# Dovetail novice



## mperring (May 3, 2011)

Working on first drawer project.
Have yet to buy dovetail jig.
Could use some advice on a model that will do the job w/o paying $100.
Checked Ebay for used models-Porter Cable, Leigh, Craftsman 925450.
Wolfcraft Quick Dovetail jig.

Mike


----------



## jw2170 (Jan 24, 2008)

G’day Mike

Welcome to the router forum. 

Thank you for joining us


----------



## bobj3 (Jan 17, 2006)

Amazon.com: E-Z Pro Dovetailer Dovetail Jig: Home Improvement

YouTube - EZ Pro Dovetail Jig Kit Part 1
YouTube - General EZ Pro Dovetail Jig 860 (Part 2/2)

========



Mountyone said:


> Working on first drawer project.
> Have yet to buy dovetail jig.
> Could use some advice on a model that will do the job w/o paying $100.
> Checked Ebay for used models-Porter Cable, Leigh, Craftsman 925450.
> ...


----------



## mperring (May 3, 2011)

Thanks Bob,

Have looked at this and prefer to buy new rather than used.
W/Rockler i can get free shipping so my cost will be reasonable.
Mike


----------



## mpbc48 (Sep 17, 2010)

Dove tail jig, bushings, bit and router? Why bother when you can just do this;

YouTube - Rob Cosman's 3 1/2 minute "Tails 1st" dovetail

I wonder how many he cut to get that good?

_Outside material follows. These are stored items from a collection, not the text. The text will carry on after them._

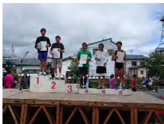
6位入賞表彰台に立ちました

2015年8月24日 久しぶりに遠野ジンギスカンマラソンに参加しました。前日は大曲の花火。一関に帰って来たのは当日朝5時頃。バスツアーだったので運転はしなかったものの狭いシートでほとんど眠れず、家に帰って着替えてすぐに遠野に向けて出発しました。遠野はいつも暑いイメージがありましたが、この日は曇りで涼しいくらい。眠い目をこすりながら(笑)走る私にとっては非常にラッキーでした。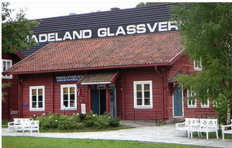
Neste stopp var på Hadeland Glassverk . Dette er en av de mange bygningene på verket.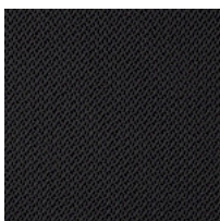
Maille filer TT Colori disponibili: 1

Questo prodotto è garantito 5 anni. Sitland si riserva di apportare modifiche e/o migliorie di carattere tecnico ed estetico ai propri modelli e prodotti in qualsiasi momento e senza preavviso. Le foto e i colori visualizzati sono puramente indicativi e possono variare rispetto alla realtà. Per maggiori informazioni si prega di contattare il nostro Servizio Clienti service@sitland.com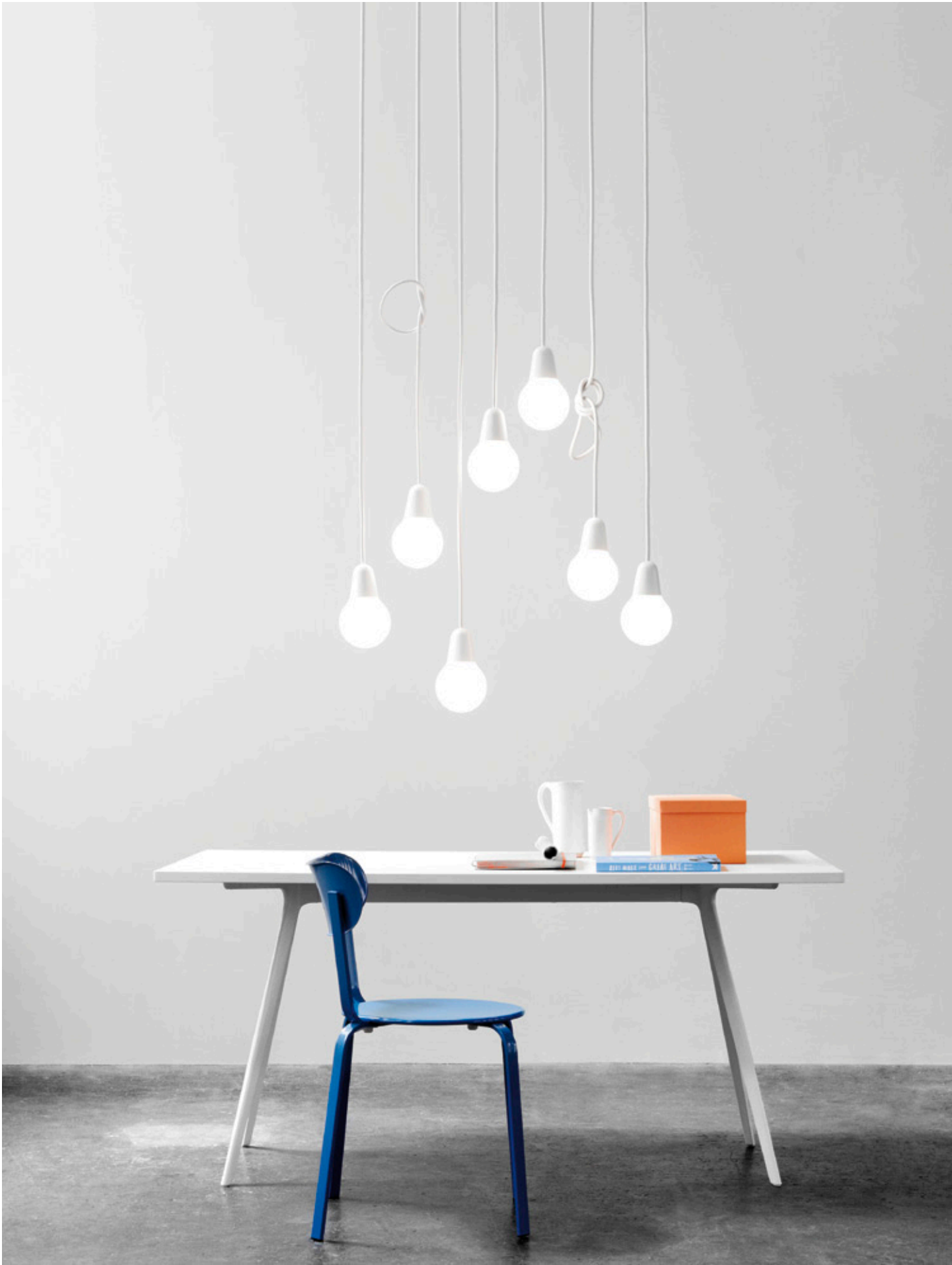
Lámpara Bulb Fiction, diseñada para Lightyears en 2012.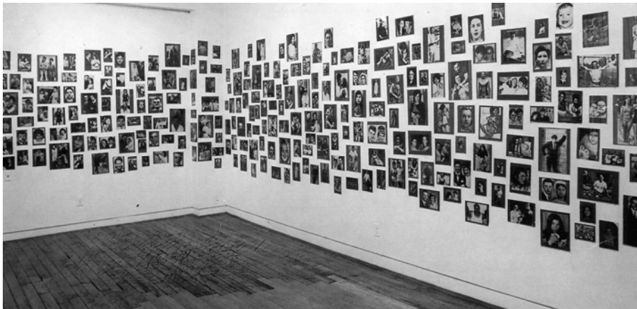
Abbildung 1: Images d'une année de faits divers. Sonnabend Gallery, New York (1973), 'Installation view, Sonnabend Gallery, New York, 1973' (Flammarion, p. 41)

stellungen überwältigt, sondern gerade auch die Rahmenlosigkeit der Bilder. Ohne eine spezifizierende Referenz, d.h. die Rahmung durch Namen, Zahlen, Erzählungen und andere Informationen, werden diese exakten Fotos bedeutungslos.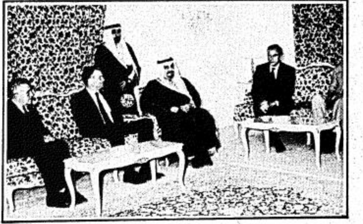
جلالة الملك أثناء استقباله وفد الكونغرس

استقبل جلالته الملك فهد بن عبد العزيز المفدى مساء أمس وفداً من أعضاء الكونغرس الأمريكي برئاسة رئيس اللجنة الفرعية للشرق الأوسط في هاميلتون الذي يزور المملكة حالياً. وقد حضر المقابلة صاحب السمو الملكي الأمير عبد الله بن عبد العزيز وزير الخارجية ورئيس مجلس الوزراء ورئيس الحرس الوطني وصاحب السمو الملكي الأمير سلطان بن عبد العزيز وزير الدفاع والطيران والمفتاح وزير الشؤون الخارجية.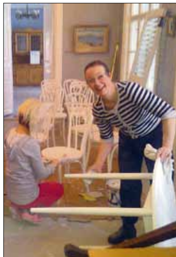
Siveltimellä ja maalilla pinnat siistiksi!

Ulkorakennuksenkin kimppuun käytiin. Varastokäytössä olevia tiloja raivattiin uusiokäyttöön. Kalastuksen perinnehuone, ns. Sältin huone ja Väentupa tulevat uudistumaan.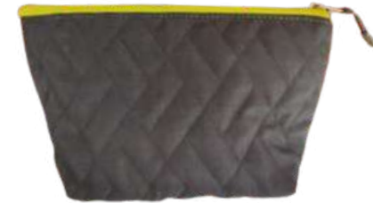
Acolchado Alta visibilidad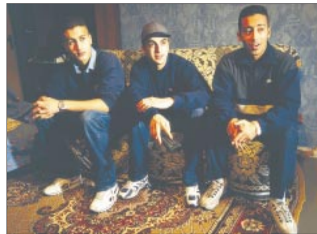
La télé, les jeunes, les cités

ANGLETERRE-FRANCE Nos champions du monde affrontent les Anglais à Wembley. Page 38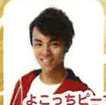
よこつちピーマン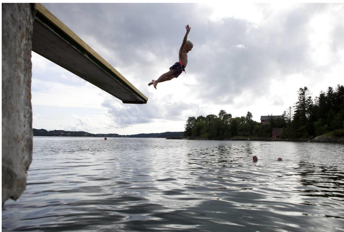
Fløksand friområde.

Prioritering: Middels – høva for reell utbetring avhenger av vegplanarbeidet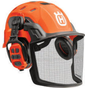
X-COM R TECHNICAL FOREST HELMET 595 08 43-01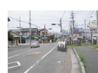
南側から交差点を見る。 歩道の先に墓がある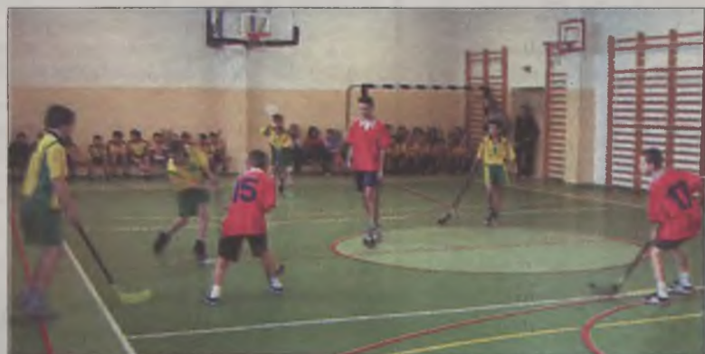
Rozgrywki były wyjątkowo ciekawe.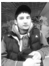
Жалиловдир. - Терговда Санкт-Петербург метросидаги вагонда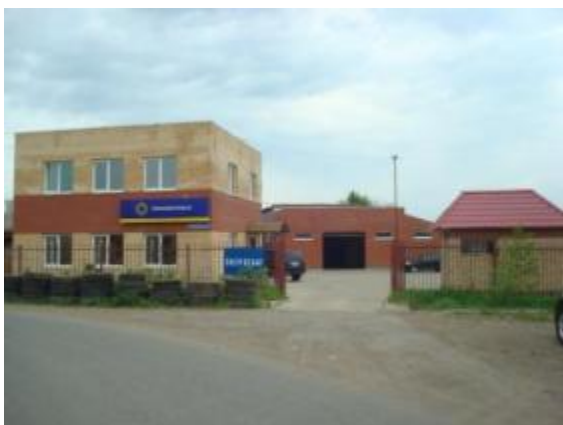
База со стороны въезда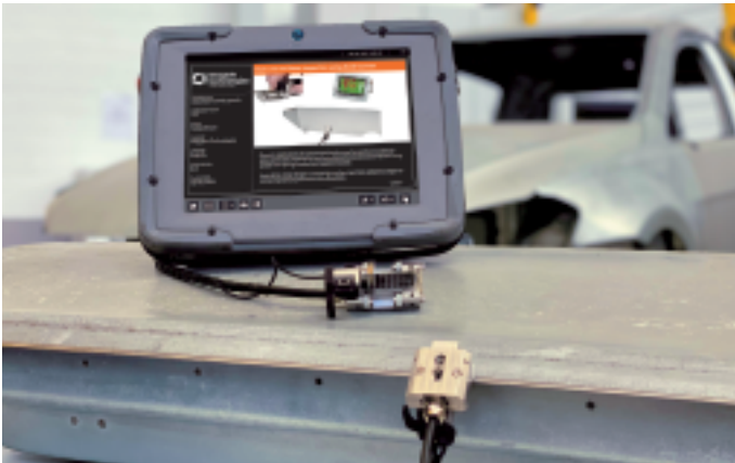
Krautkrämer Bond Scanner は、構造用接着剤で接合された部品を迅速かつ簡単に検査できます。

いずれの検査ソリューションも、Krautkrämer Mentor UT フェーズドアレイ超音波探傷器との組み合わせで使用します。特長として、検査ワークフローにより、プローブの選択、キャリブレーションからレポート作成まで、装置のセットアップ手順を示すことで検査員は簡単にプロセスに準じた検査を実行できます。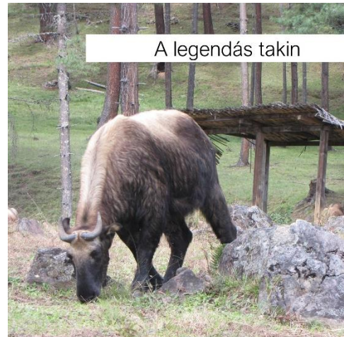
A legendás takin

A 780 ezer bhutáni megközelítőleg fél magyarországnyi, nagyon eltérő magasságú és klímájú területen él, és közel húsz nyelven beszél. Az Ázsiában szokatlanul gyéren lakott ország 70%-át erdő borítja, amely olyan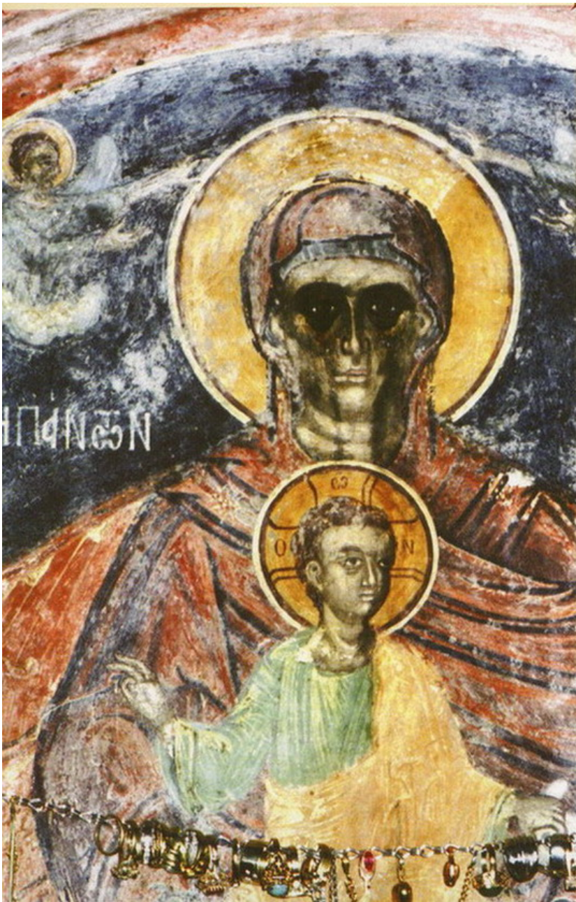
Еще одним чудом монастыря св. Николая Чудотворца является фреска Богородицы «Надежда всех и упование» XV века в притворе храма. Богоматерь, сидящая на троне с Младенцем Христом на коленях, на протяжении долгих лет плачет, когда страшнейшие несчастья сотрясают мир: катастрофы, стихийные бедствия, войны.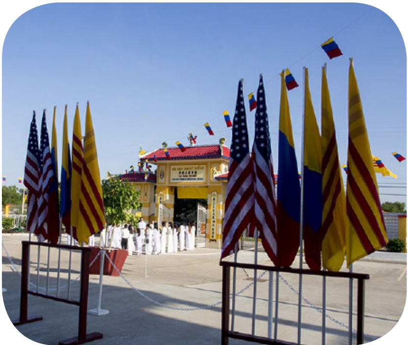
Cổng vào với hàng cờ Việt Mỹ và cờ Cao Đài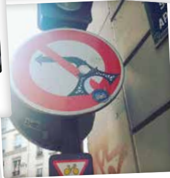
Interdiction de tourner par @parigigina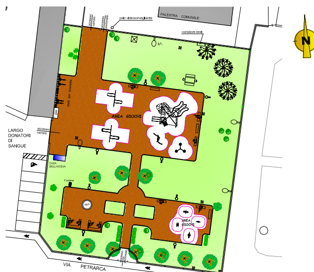
Progetto per il rinnovamento del parco giochi di largo Donatori del Sangue.

alla spina acqua filtrata sia nella forma naturale che gasata. Saranno inoltre risistemati gli accessi, uno dei quali direttamente dalla scuola.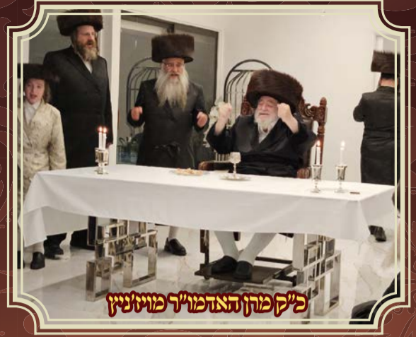
כ"ק מרחן האדמו"ר מוויזניץ

Hey Mike, do you have a coupon code for free shipping at Rockler? I always forget something and would end up paying for shipping a second time to complete my order.

Mike


----------



## bobj3 (Jan 17, 2006)

Hi Mike

" used " = ???
Sounds like you are one that likes to do it the hard way if so here's a jig made just for you..
Dovetail Machine

========



Mountyone said:


> Thanks Bob,
> 
> Have looked at this and prefer to buy new rather than used.
> W/Rockler i can get free shipping so my cost will be reasonable.
> Mike


----------



## mpbc48 (Sep 17, 2010)

Hi Bob,

Any chance you've used that HF dovetail machine? Every time I go in to HF, I look at it and argue with myself wheather I should buy it. You can always find a 20% coupon, so it makes an already decent price even better.

Mike


----------



## bobj3 (Jan 17, 2006)

HI Mike

Yes I have one . out of all the dovetails machines I have it's the last one I would pull out and used, it's a real PITA dovetail machine..I have one router setup just for that machine but still a PITA, it's like MANY you will see just like it..  I have reworked the one I have so it works ok BUT still a PITA to use..


=========


mpbc48 said:


> Hi Bob,
> 
> Any chance you've used that HF dovetail machine? Every time I go in to HF, I look at it and argue with myself wheather I should buy it. You can always find a 20% coupon, so it makes an already decent price even better.
> 
> Mike


----------



## Ralph Barker (Dec 15, 2008)

mpbc48 said:


> Dove tail jig, bushings, bit and router? Why bother when you can just do this;
> 
> YouTube - Rob Cosman's 3 1/2 minute "Tails 1st" dovetail
> 
> ...


Not as many as Frank Klausz.


----------



## mpbc48 (Sep 17, 2010)

Thanks Bob, I guess I'll leave that one on the shelf.

Mike


----------



## rmsjo (May 4, 2011)

Hi Mike,
Have you looked into the Keller dovetail Jig? I beleive there is a model that is under $100.00 and I think the setup and operation of cutting dovetails are pretty straight forward. I believe they ship it with a DVD video to get you started. Look for Keller dovetail in google and check out the site.


----------



## bobj3 (Jan 17, 2006)

Amazon.com: MLCS Pins and Tails Through Dovetail Template Small with 1/2" Shank Bits: Home Improvement

==========


----------



## mpbc48 (Sep 17, 2010)

Thanks Bob, I'll check it out.

Mike


----------



## bobj3 (Jan 17, 2006)

Your Welcome Mike

===========



mpbc48 said:


> Thanks Bob, I'll check it out.
> 
> Mike


----------



## david cooksey (Jun 3, 2011)

*Dovetail Template Master*

Hi i wanted to make a blanket chest for my Grand Daughters and ran across these videos on Youtube

part1
YouTube - ‪3Dwoodworkingsupply's Channel‬‏

part2
YouTube - ‪3Dwoodworkingsupply's Channel‬‏

part3
YouTube - ‪3Dwoodworkingsupply's Channel‬‏

part4
YouTube - ‪3Dwoodworkingsupply's Channel‬‏

NOTE: i tried to attach them using the Url function but it failed


----------